Judge Orders EPA to Comply With Clean Air Act in Ozone Lawsuit

Climate

A federal judge ordered the U.S. Environmental Protection Agency (EPA) to take action to fight air pollution entering New York and Connecticut from five other states, Reuters reported.


The EPA had until August 2017 to complete plans for states that failed to adapt to new ozone air-quality standards set by the agency in 2008, but the plans never materialized, a Bloomberg News article published by The Boston Globe reported.

New York and Connecticut therefore sued the EPA in January to try and force it to create ozone plans for Michigan, Pennsylvania, Illinois, Virginia and West Virginia, since their emissions impact New York and Connecticut’s air.

“The court’s decision is a major win for New Yorkers and our public health, forcing the Trump EPA to follow the law and act to address smog pollution blowing into New York from upwind states,” New York Attorney General Barbara Underwood told Bloomberg News.

U.S. District Judge John Koeltl of Manhattan, who decided the case, said that New York and Connecticut had successfully proved they would be harmed by ozone coming from the five states in question. The two states, he said, were trying to “protect their citizens from the harmful effects of the high level of dangerous pollutants in their states caused by the pollutants coming from the defaulting states.”

Up to two-thirds of New Yorkers breathe unhealthy levels of smog, Underwood said in a statement reported by Reuters.

The judge gave the EPA until December 6 to complete the smog-reduction plans.

“Given the prior violations of the statutory deadline by the EPA, it is a reasonable exercise of the court’s equitable powers to require the EPA to do the minimal tasks it has agreed it can do to remedy its past violation of the statute,” Koeltl wrote, according to Reuters.

New York and Connecticut sued the EPA specifically for shirking its obligations under the Clean Air Act.

The Clean Air Act’s “Good Neighbor” provision mandates that the EPA and states act to mitigate the spread of air pollution across state lines when it could impact the air quality standards of downwind states.

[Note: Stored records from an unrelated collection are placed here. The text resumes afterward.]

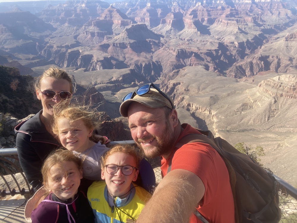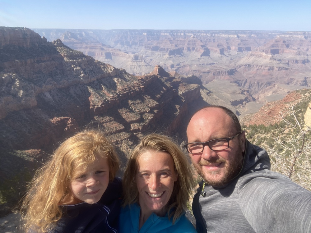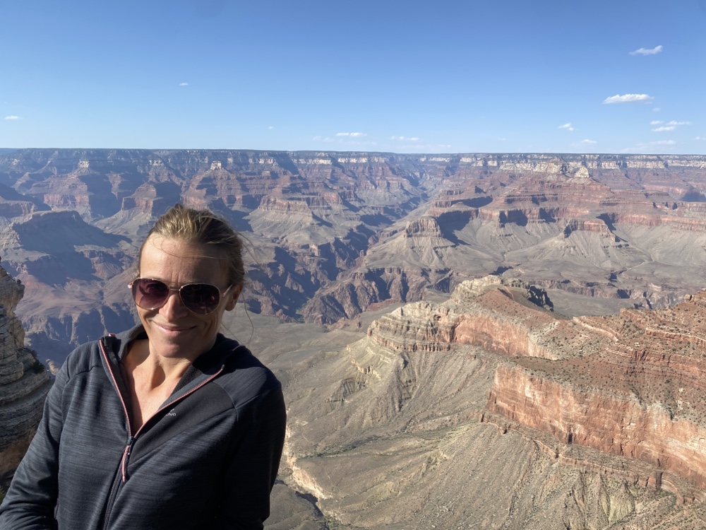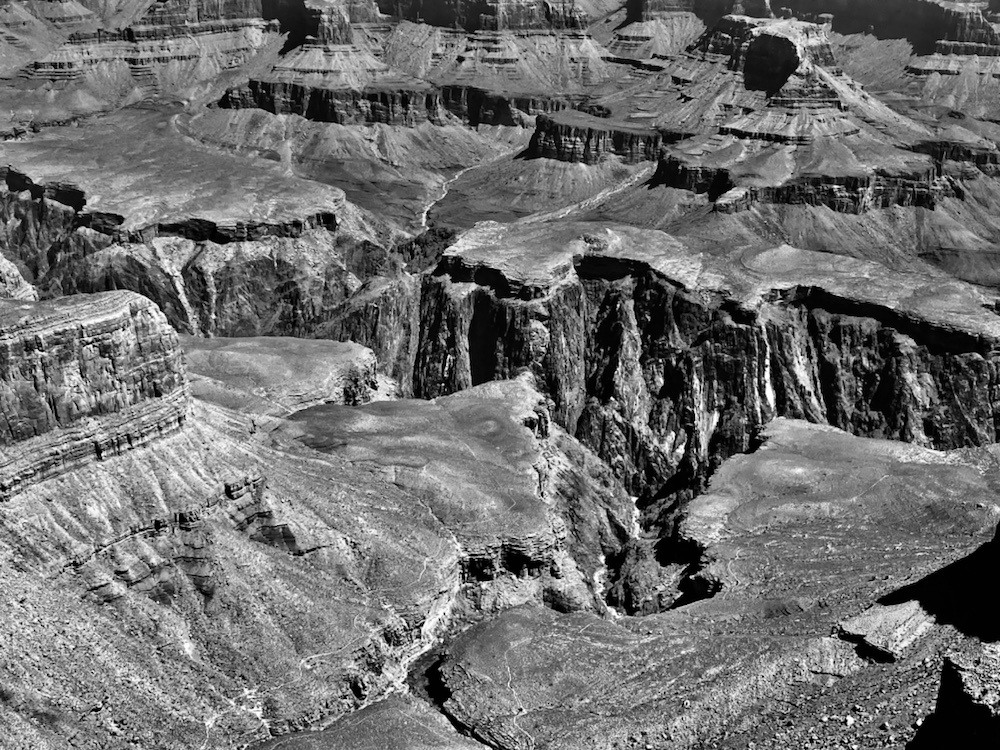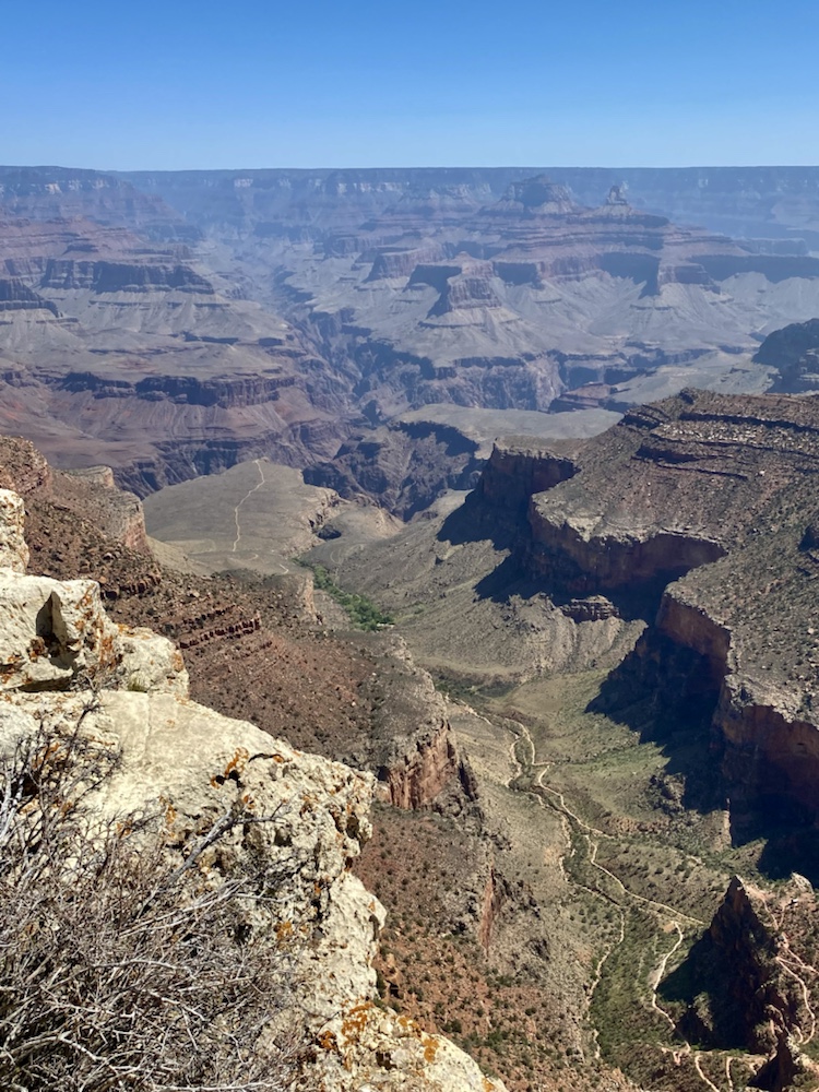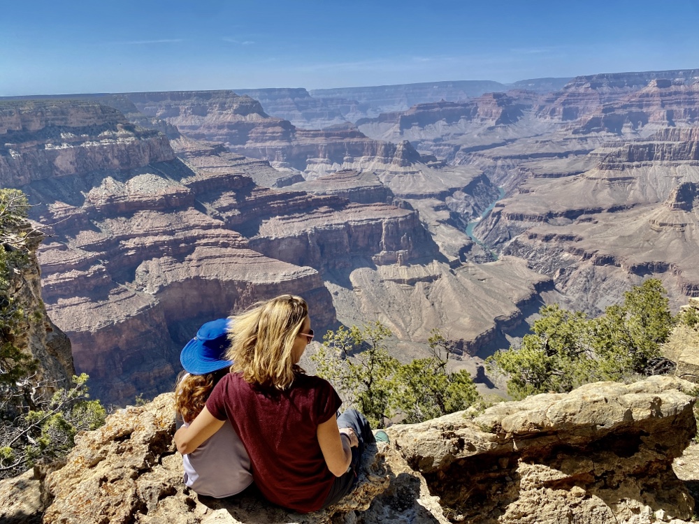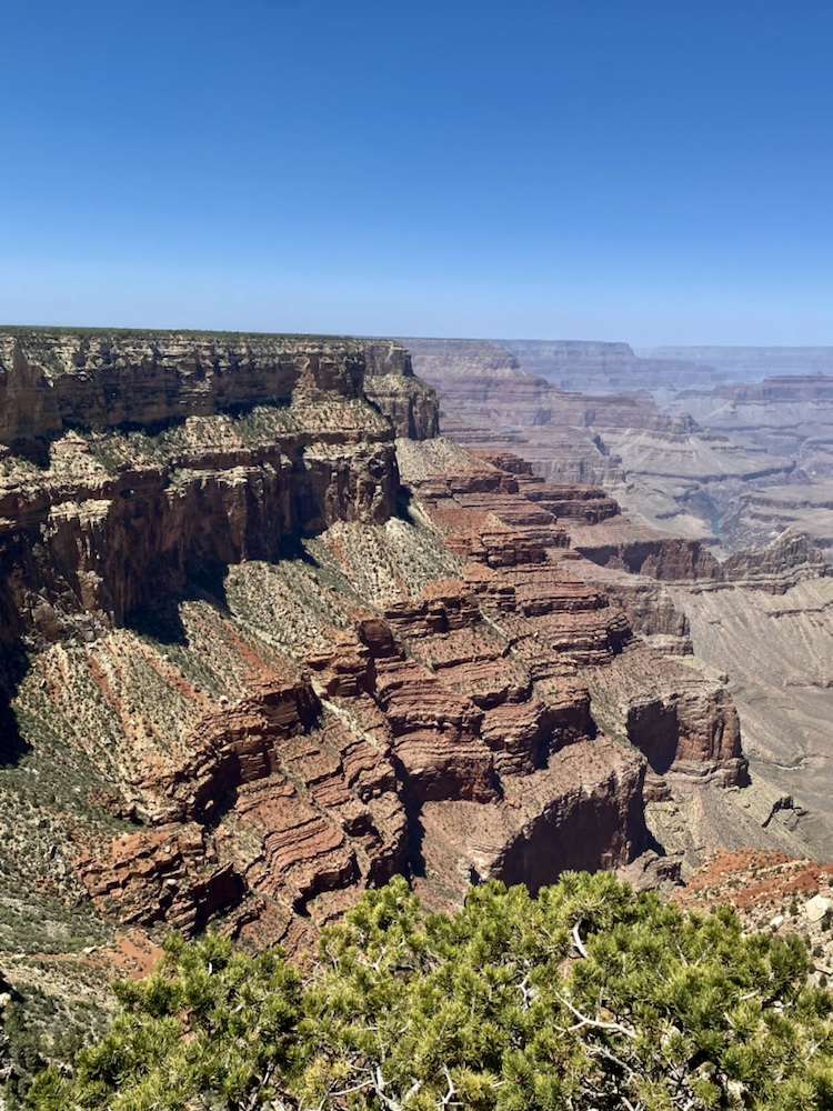 Nos yeux se perdent dans l’immensité de cette brisure, cette cicatrice immense et inquiétante. Des couleurs sombres. Ocres et grises. Une brume légère au fond des crevasses le rend plus mystique encore. Le fleuve, le Colorado, au fond de falaises abruptes de 1800m de haut, paraît si insignifiant à la vue de ses conséquences au bout de quelques millions d’années. Vu d’en haut, on dirait un ruisseau….
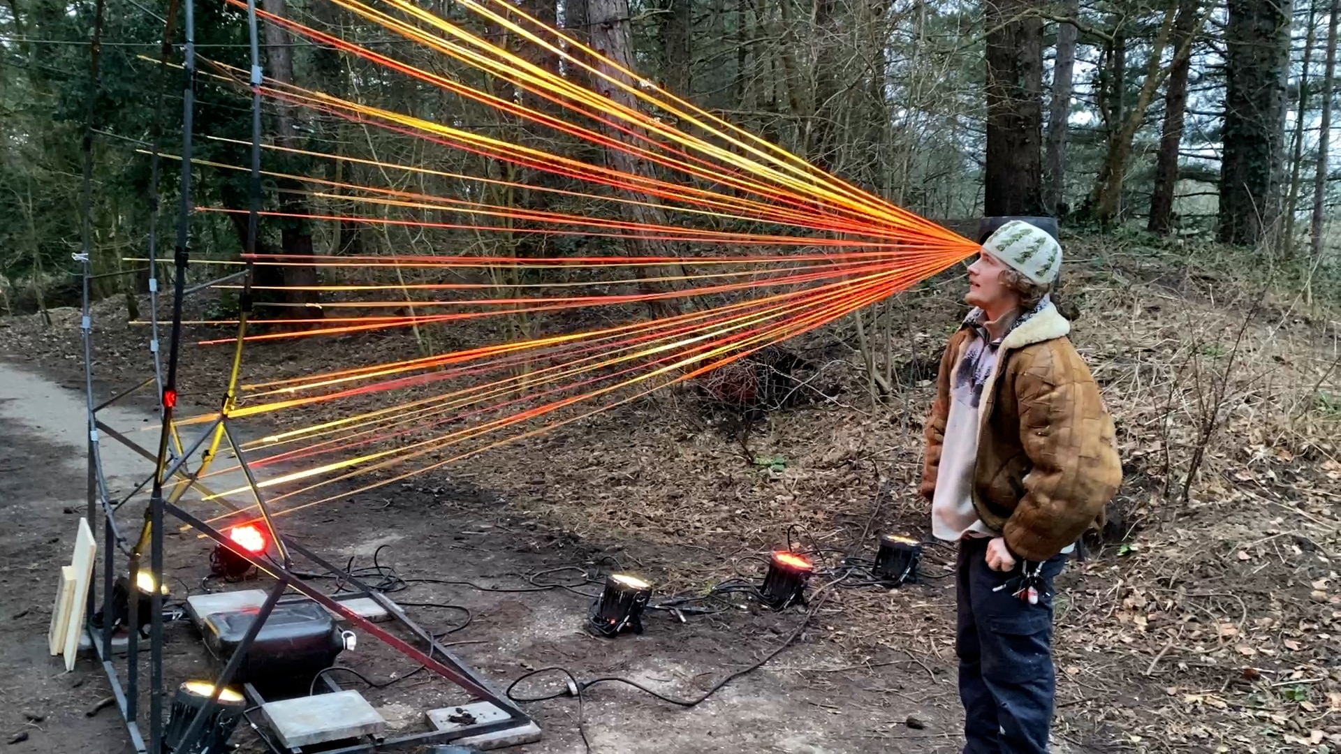 Eén van de artiesten die dit jaar met zijn kunstwerk op het festival te zien is, is Parker Hertzberger uit Eindhoven. Hij heeft een installatie gemaakt waarmee geluid in de lucht zichtbaar wordt. “Ik wil mensen naar het hier en nu brengen met mijn werk”, zegt hij terwijl hij het kunstwerk test. “Het is een hypnotiserende installatie die je even tot stilte brengt in jezelf.”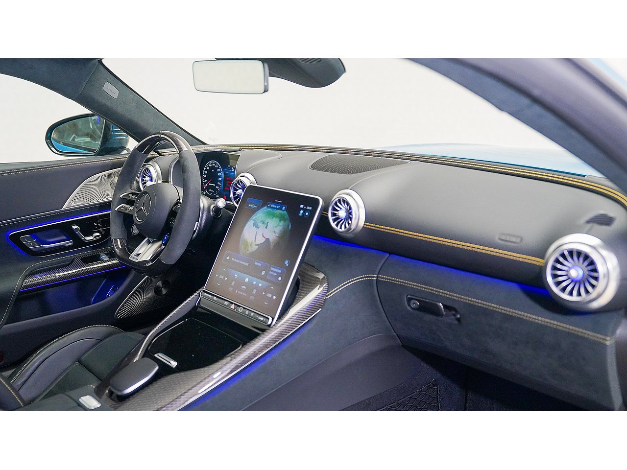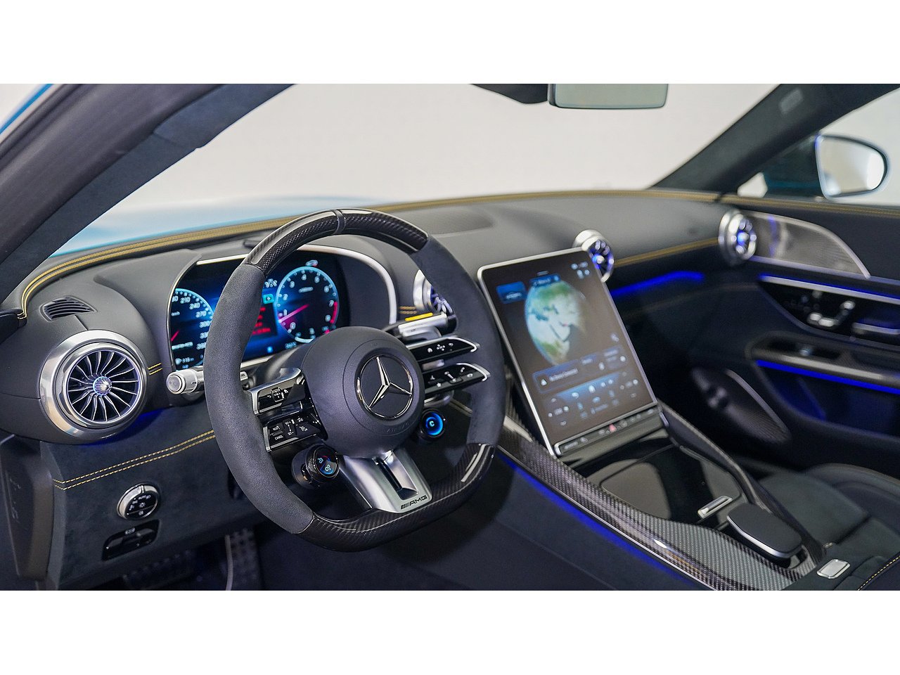 The 2024 Mercedes-AMG GT 63 Coupe in Hyper Blue Magno is a striking statement of power, precision, and presence. With its long-bonnet silhouette, aggressive wide stance, and full carbon exterior detailing, this coupe delivers unmistakable supercar attitude with everyday usability.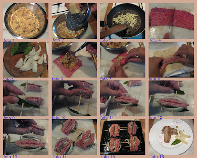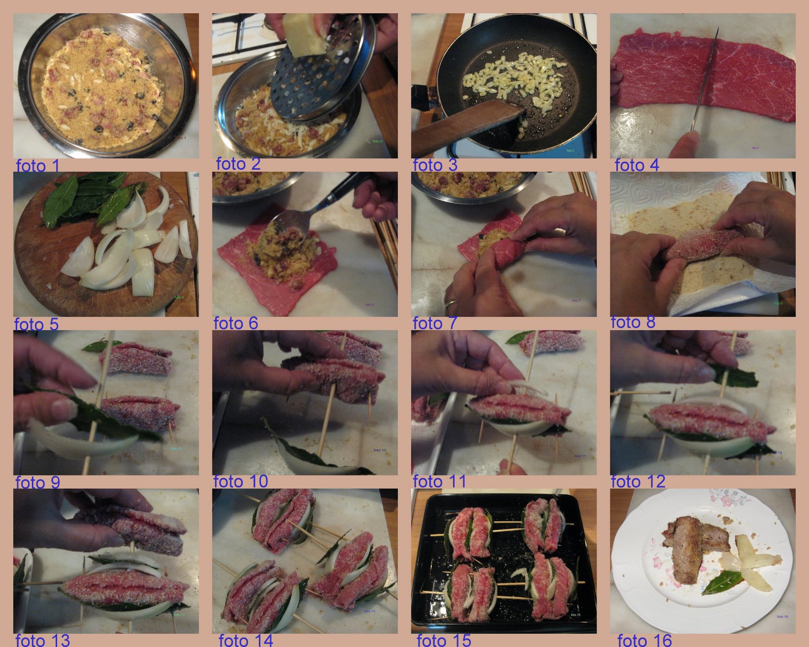 In una padella antiaderente, far tostare 100g. di pangrattato con l'olio,fino a che non risulti ben dorato, e metterlo in una ciotola capiente. Ad esso aggiungere l'uva passa, lavata e ben strizzata, i pinoli, il sale, il pepe, il salame tagliato a cubetti (foto 1) ed il pecorino a scaglie(foto 2). Completare il ripieno aggiungendo un pezzetto di cipolla tagliata a piccoli pezzetti e fatta imbiondire con un poco d'olio extravergine d'oliva (foto 3). A questo punto, prendere le fette di carne e tagliare le fette a metà (foto 4); lavare ed asciugare le foglie di alloro e la rimanente cipolla a strisce larghe (foto 5). Mettere al centro di ogni fettina di carne un cucchiaio di ripieno preparato precedentemente (foto 6), arrotolarla su se stessa (foto 7), chiudendo le estremità con gli stuzzicadenti e passare l'involtino così ottenuto nel rimanente pangrattato (foto 8). Allo stesso modo preparare tutti gli altri involtini. Realizzare, gli spiedini mettendo prima la cipolla, poi una foglia di alloro (foto 9), quindi il primo involtino (foto 10), nuovamente una foglia di alloro ed un pezzo di cipolla (foto 11 e 12), completare con lo stesso ordine di ingredienti anche il secondo involtino (foto 13). Quando avrete fatto tutti gli spiedini (foto 14), ungete una teglia e dopo averli sistemati al suo interno (foto 15), bagnatene la superficie con un filo d'olio. Cuocete a 180° per circa 20- 25 minuti. Servire ben caldi (foto 16).

“Under the Clean Air Act, the EPA has a duty to take action when upwind states do not meet certain air quality standards and, in this case, the EPA clearly failed to do so,” Connecticut Attorney General George Jepsen said in a statement reported by the Daily Courier-Observer. “We are gratified by the district court’s ruling in this matter, and we will continue to work with our partners in New York to hold EPA accountable on this and other matters where it has not met its legal obligations.”

An EPA spokesperson told Reuters that the agency would act this month to draft “an action that will address any remaining good neighbor obligations related to the 2008 ozone standard for these and other states,” and finalize it by December.